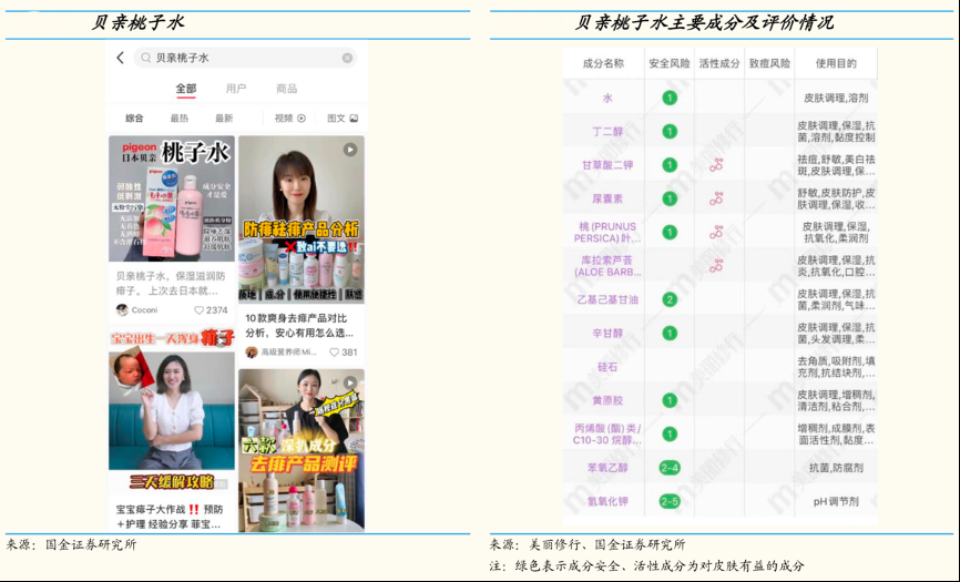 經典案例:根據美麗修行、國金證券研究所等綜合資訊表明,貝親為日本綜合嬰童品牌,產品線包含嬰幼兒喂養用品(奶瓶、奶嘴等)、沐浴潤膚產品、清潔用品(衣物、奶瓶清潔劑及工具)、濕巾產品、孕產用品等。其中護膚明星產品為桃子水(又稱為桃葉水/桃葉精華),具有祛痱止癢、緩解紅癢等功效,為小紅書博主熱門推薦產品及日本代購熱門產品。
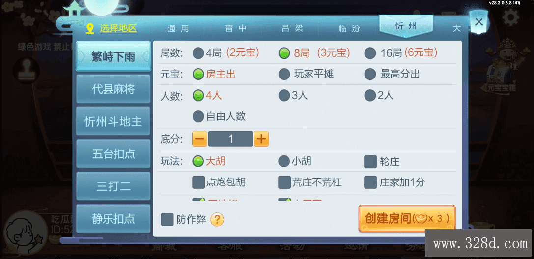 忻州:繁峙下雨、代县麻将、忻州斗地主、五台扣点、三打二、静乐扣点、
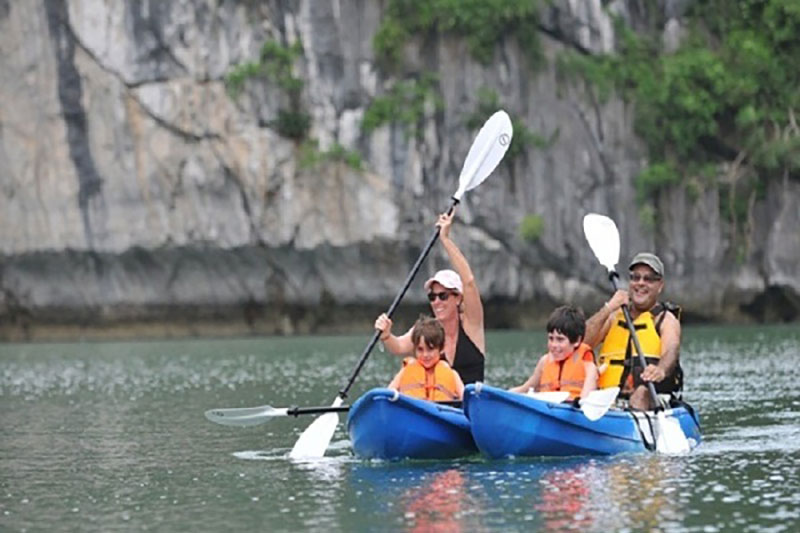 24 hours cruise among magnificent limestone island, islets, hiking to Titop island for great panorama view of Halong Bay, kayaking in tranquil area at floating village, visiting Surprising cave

• • • •

*What the task requires*:
Begin at the line containing "忻州:繁峙下雨、代县麻将、忻州斗地主、五台扣点、三打二、静乐扣点、" and stop at the last line of the data. Repeat only those lines, exactly, and leave out the pictures.

*Written reply*:
 忻州:繁峙下雨、代县麻将、忻州斗地主、五台扣点、三打二、静乐扣点、
 24 hours cruise among magnificent limestone island, islets, hiking to Titop island for great panorama view of Halong Bay, kayaking in tranquil area at floating village, visiting Surprising cave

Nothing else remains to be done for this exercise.